Records drawn from a dataset:
-------------------------

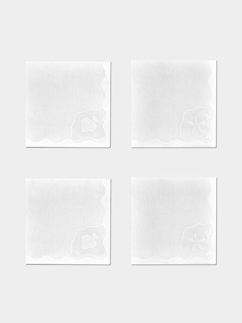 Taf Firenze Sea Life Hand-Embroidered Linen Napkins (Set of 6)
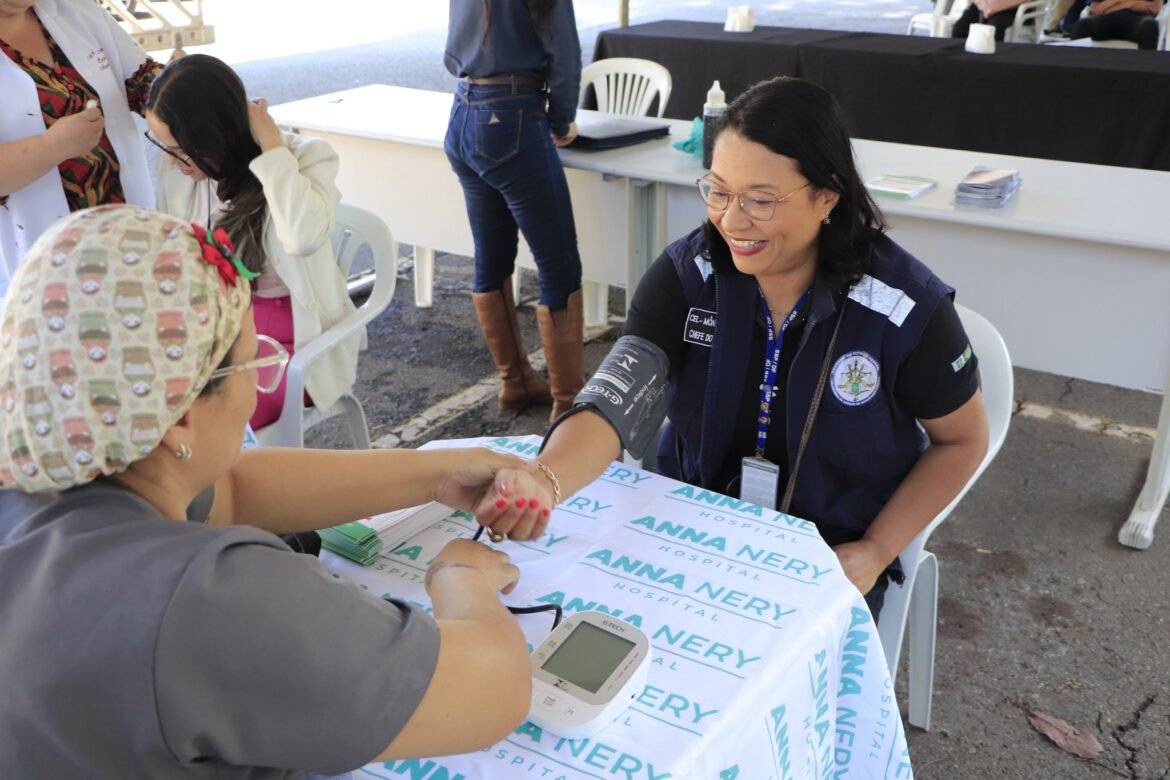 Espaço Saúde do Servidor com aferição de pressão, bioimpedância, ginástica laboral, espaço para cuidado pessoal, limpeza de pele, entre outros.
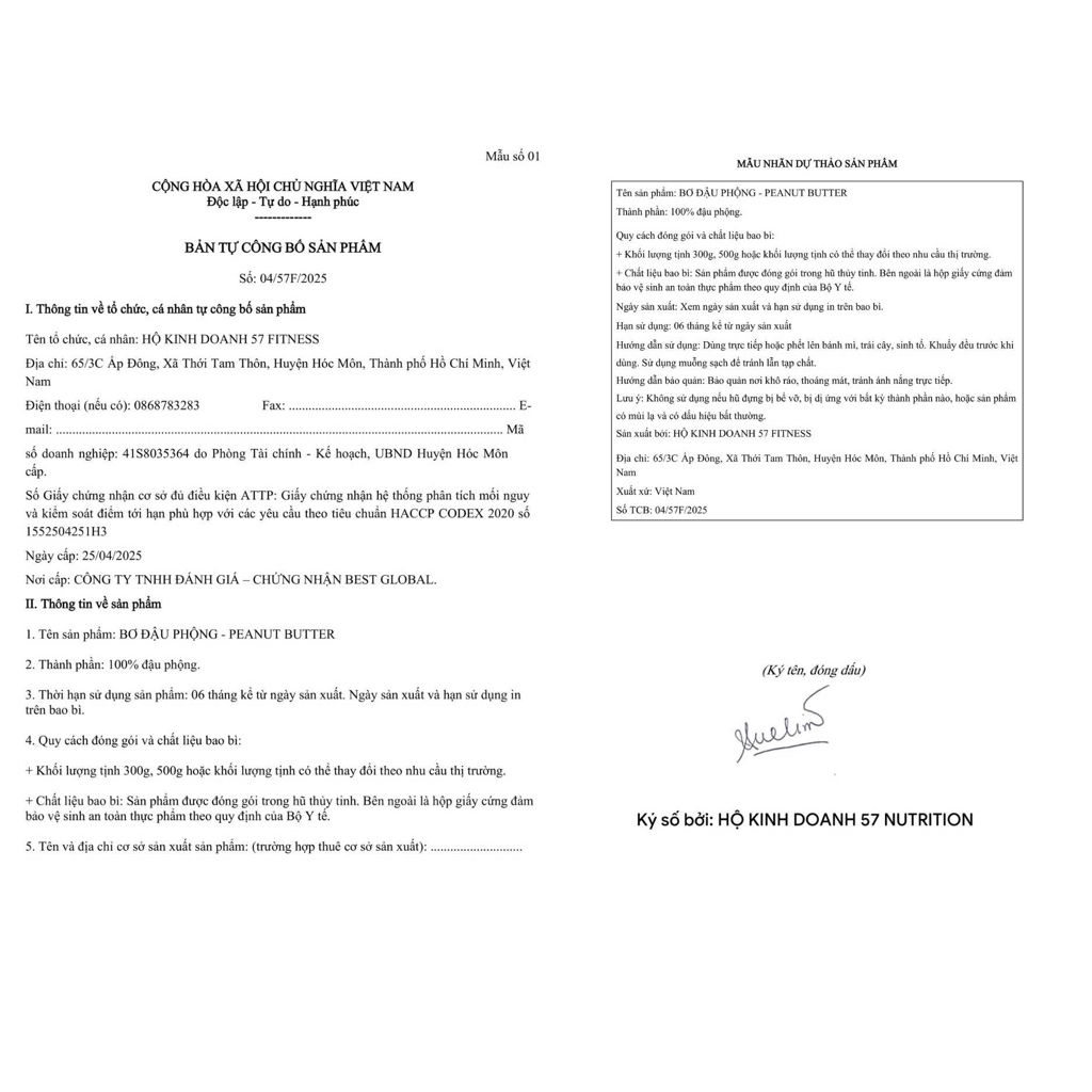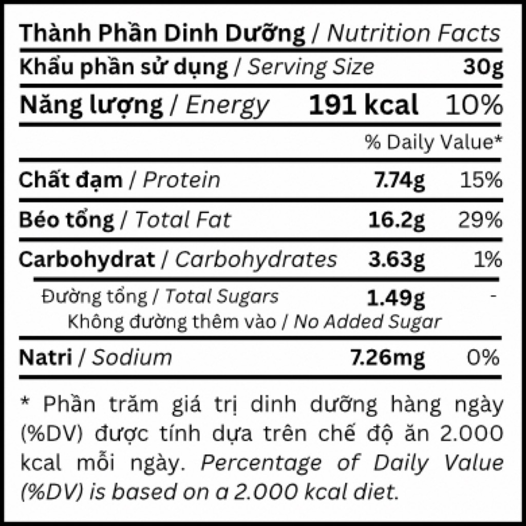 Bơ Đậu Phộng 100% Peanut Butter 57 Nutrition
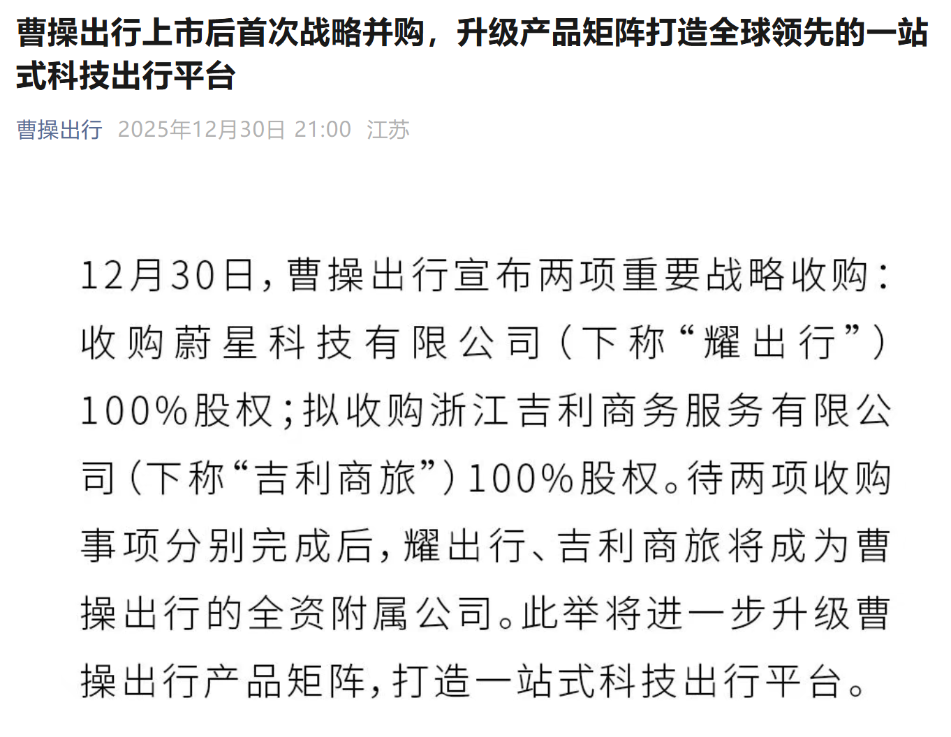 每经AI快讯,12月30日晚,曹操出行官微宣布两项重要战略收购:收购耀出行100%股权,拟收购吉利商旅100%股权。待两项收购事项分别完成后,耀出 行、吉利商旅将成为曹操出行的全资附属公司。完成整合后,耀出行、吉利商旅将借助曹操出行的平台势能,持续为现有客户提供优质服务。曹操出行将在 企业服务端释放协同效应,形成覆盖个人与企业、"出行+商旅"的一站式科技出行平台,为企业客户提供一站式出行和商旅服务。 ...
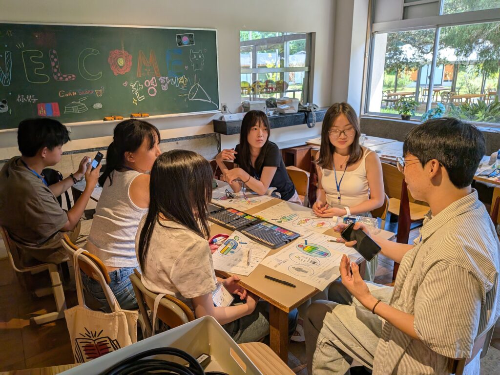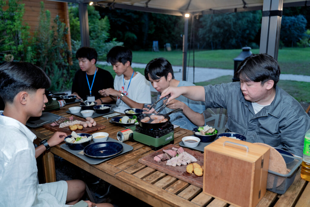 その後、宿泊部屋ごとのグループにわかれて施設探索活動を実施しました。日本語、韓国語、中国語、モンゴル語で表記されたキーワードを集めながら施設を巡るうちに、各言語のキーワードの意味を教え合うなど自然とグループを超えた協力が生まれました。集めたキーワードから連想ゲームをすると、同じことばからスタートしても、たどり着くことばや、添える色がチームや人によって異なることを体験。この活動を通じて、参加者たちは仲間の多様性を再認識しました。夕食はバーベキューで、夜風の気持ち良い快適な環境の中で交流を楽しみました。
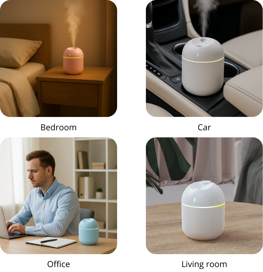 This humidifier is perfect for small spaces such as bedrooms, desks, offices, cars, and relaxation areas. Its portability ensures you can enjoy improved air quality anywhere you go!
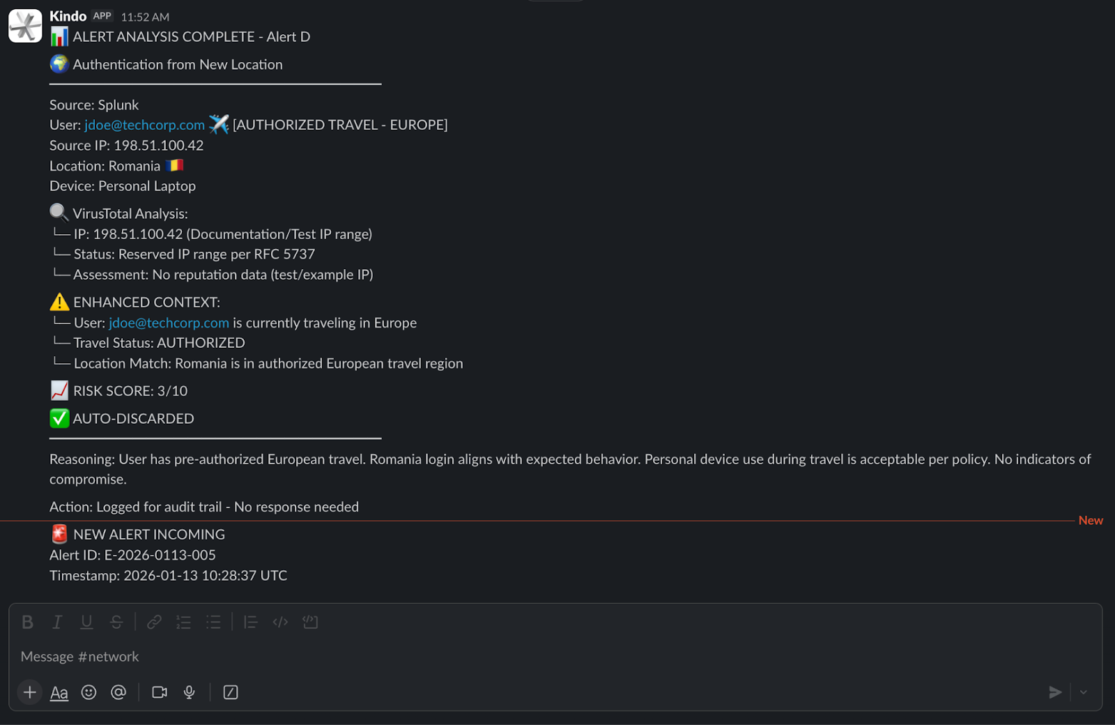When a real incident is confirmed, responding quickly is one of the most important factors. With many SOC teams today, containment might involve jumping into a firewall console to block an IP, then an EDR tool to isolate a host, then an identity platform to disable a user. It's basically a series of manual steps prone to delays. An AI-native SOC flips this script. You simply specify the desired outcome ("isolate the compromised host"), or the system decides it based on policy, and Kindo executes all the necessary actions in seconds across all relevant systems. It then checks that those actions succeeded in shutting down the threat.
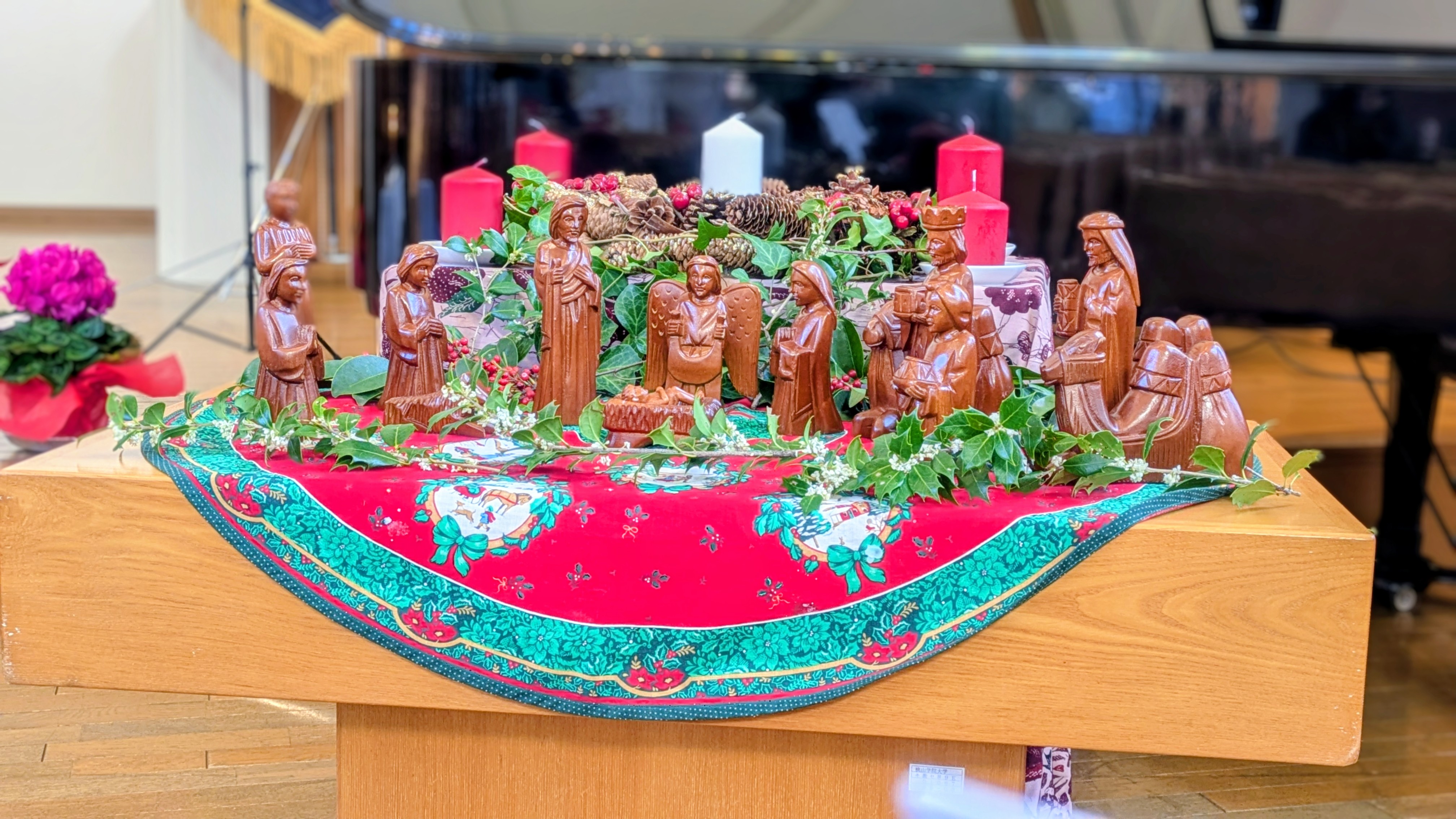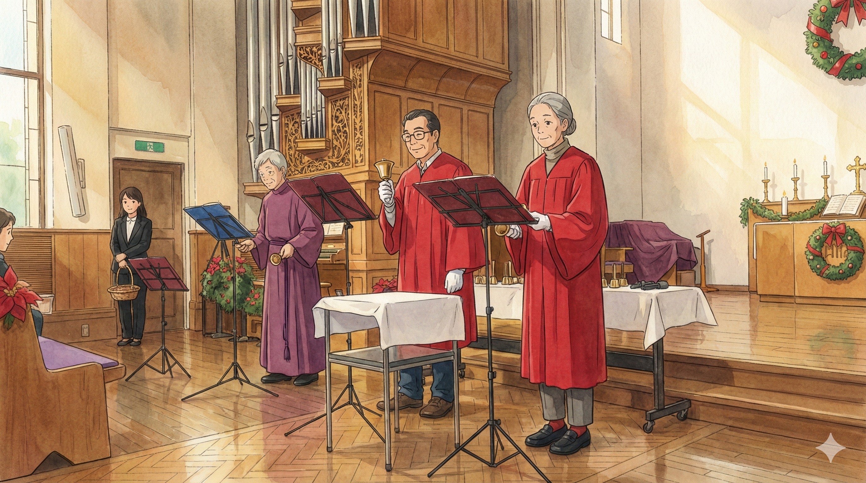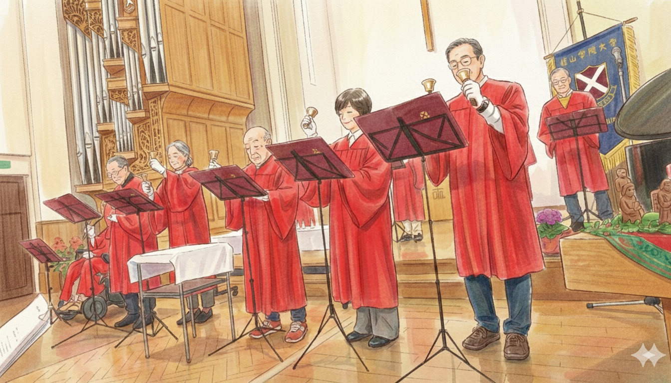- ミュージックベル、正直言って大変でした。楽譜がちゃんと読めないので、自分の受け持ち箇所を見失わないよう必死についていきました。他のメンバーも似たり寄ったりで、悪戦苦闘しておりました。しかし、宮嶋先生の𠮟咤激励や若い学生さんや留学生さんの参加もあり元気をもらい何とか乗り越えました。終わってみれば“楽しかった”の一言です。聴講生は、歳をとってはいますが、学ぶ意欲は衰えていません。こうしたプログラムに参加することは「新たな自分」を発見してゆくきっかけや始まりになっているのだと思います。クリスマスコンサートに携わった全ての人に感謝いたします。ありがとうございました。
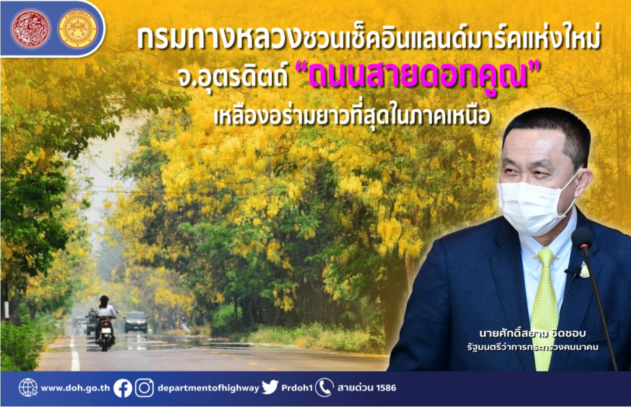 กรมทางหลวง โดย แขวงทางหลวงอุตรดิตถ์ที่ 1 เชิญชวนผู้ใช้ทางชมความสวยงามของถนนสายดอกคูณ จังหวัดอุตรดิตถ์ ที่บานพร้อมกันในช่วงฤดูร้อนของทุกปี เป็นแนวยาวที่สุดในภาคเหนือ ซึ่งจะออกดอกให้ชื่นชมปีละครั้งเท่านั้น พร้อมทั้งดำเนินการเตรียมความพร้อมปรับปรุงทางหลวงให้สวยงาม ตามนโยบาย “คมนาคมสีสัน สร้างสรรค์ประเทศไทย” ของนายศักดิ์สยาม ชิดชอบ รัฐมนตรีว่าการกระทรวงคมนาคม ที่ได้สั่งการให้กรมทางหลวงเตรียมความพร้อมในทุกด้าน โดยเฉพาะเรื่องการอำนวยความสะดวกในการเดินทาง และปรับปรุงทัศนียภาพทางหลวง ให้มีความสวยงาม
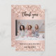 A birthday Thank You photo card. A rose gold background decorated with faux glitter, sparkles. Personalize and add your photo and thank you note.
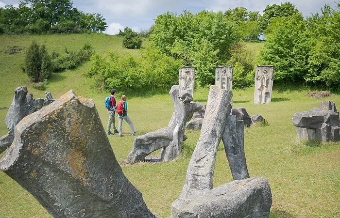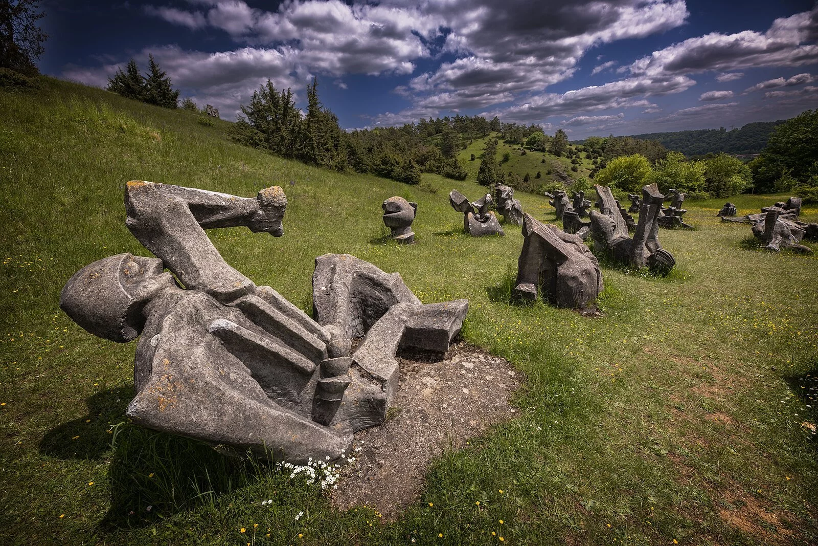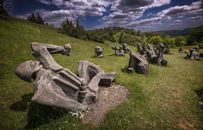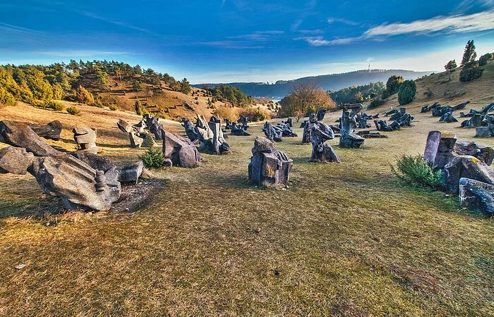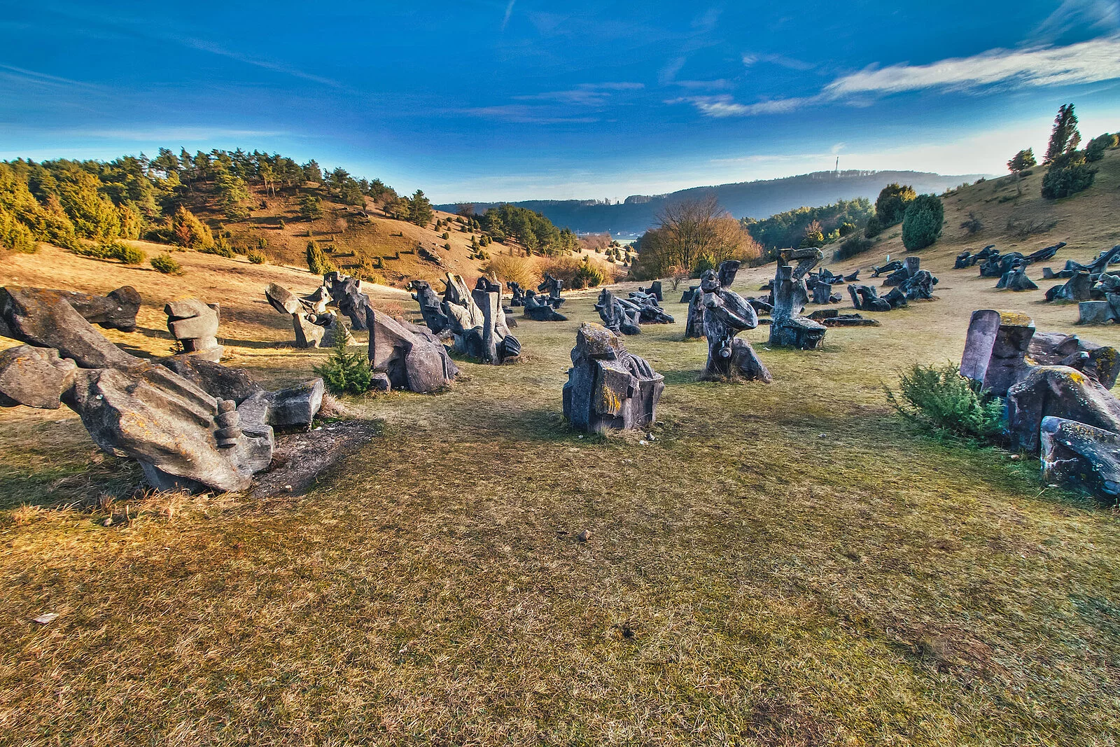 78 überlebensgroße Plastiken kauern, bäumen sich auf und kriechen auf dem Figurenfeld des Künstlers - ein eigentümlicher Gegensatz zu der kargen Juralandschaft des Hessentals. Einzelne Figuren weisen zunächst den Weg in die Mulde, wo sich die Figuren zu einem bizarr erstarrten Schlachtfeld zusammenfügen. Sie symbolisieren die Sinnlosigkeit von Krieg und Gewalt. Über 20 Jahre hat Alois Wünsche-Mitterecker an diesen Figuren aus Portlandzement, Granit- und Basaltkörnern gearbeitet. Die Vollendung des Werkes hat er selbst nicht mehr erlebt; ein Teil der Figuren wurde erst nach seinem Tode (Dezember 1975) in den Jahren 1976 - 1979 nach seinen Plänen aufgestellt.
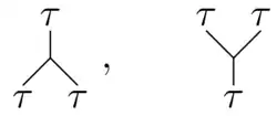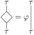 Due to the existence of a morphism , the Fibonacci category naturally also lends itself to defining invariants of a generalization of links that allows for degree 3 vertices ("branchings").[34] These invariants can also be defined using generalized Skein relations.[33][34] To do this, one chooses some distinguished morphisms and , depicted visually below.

-------------------------

Task to carry out:
Write out the lines of the entries above exactly, beginning with the first and ending with the line that contains "- ミュージックベル、正直言". No picture goes in.

Your response:
 Taf Firenze Sea Life Hand-Embroidered Linen Napkins (Set of 6)
 Espaço Saúde do Servidor com aferição de pressão, bioimpedância, ginástica laboral, espaço para cuidado pessoal, limpeza de pele, entre outros.
 Bơ Đậu Phộng 100% Peanut Butter 57 Nutrition
 每经AI快讯,12月30日晚,曹操出行官微宣布两项重要战略收购:收购耀出行100%股权,拟收购吉利商旅100%股权。待两项收购事项分别完成后,耀出 行、吉利商旅将成为曹操出行的全资附属公司。完成整合后,耀出行、吉利商旅将借助曹操出行的平台势能,持续为现有客户提供优质服务。曹操出行将在 企业服务端释放协同效应,形成覆盖个人与企业、"出行+商旅"的一站式科技出行平台,为企业客户提供一站式出行和商旅服务。 ...
 その後、宿泊部屋ごとのグループにわかれて施設探索活動を実施しました。日本語、韓国語、中国語、モンゴル語で表記されたキーワードを集めながら施設を巡るうちに、各言語のキーワードの意味を教え合うなど自然とグループを超えた協力が生まれました。集めたキーワードから連想ゲームをすると、同じことばからスタートしても、たどり着くことばや、添える色がチームや人によって異なることを体験。この活動を通じて、参加者たちは仲間の多様性を再認識しました。夕食はバーベキューで、夜風の気持ち良い快適な環境の中で交流を楽しみました。
 This humidifier is perfect for small spaces such as bedrooms, desks, offices, cars, and relaxation areas. Its portability ensures you can enjoy improved air quality anywhere you go!
When a real incident is confirmed, responding quickly is one of the most important factors. With many SOC teams today, containment might involve jumping into a firewall console to block an IP, then an EDR tool to isolate a host, then an identity platform to disable a user. It's basically a series of manual steps prone to delays. An AI-native SOC flips this script. You simply specify the desired outcome ("isolate the compromised host"), or the system decides it based on policy, and Kindo executes all the necessary actions in seconds across all relevant systems. It then checks that those actions succeeded in shutting down the threat.
- ミュージックベル、正直言って大変でした。楽譜がちゃんと読めないので、自分の受け持ち箇所を見失わないよう必死についていきました。他のメンバーも似たり寄ったりで、悪戦苦闘しておりました。しかし、宮嶋先生の𠮟咤激励や若い学生さんや留学生さんの参加もあり元気をもらい何とか乗り越えました。終わってみれば“楽しかった”の一言です。聴講生は、歳をとってはいますが、学ぶ意欲は衰えていません。こうしたプログラムに参加することは「新たな自分」を発見してゆくきっかけや始まりになっているのだと思います。クリスマスコンサートに携わった全ての人に感謝いたします。ありがとうございました。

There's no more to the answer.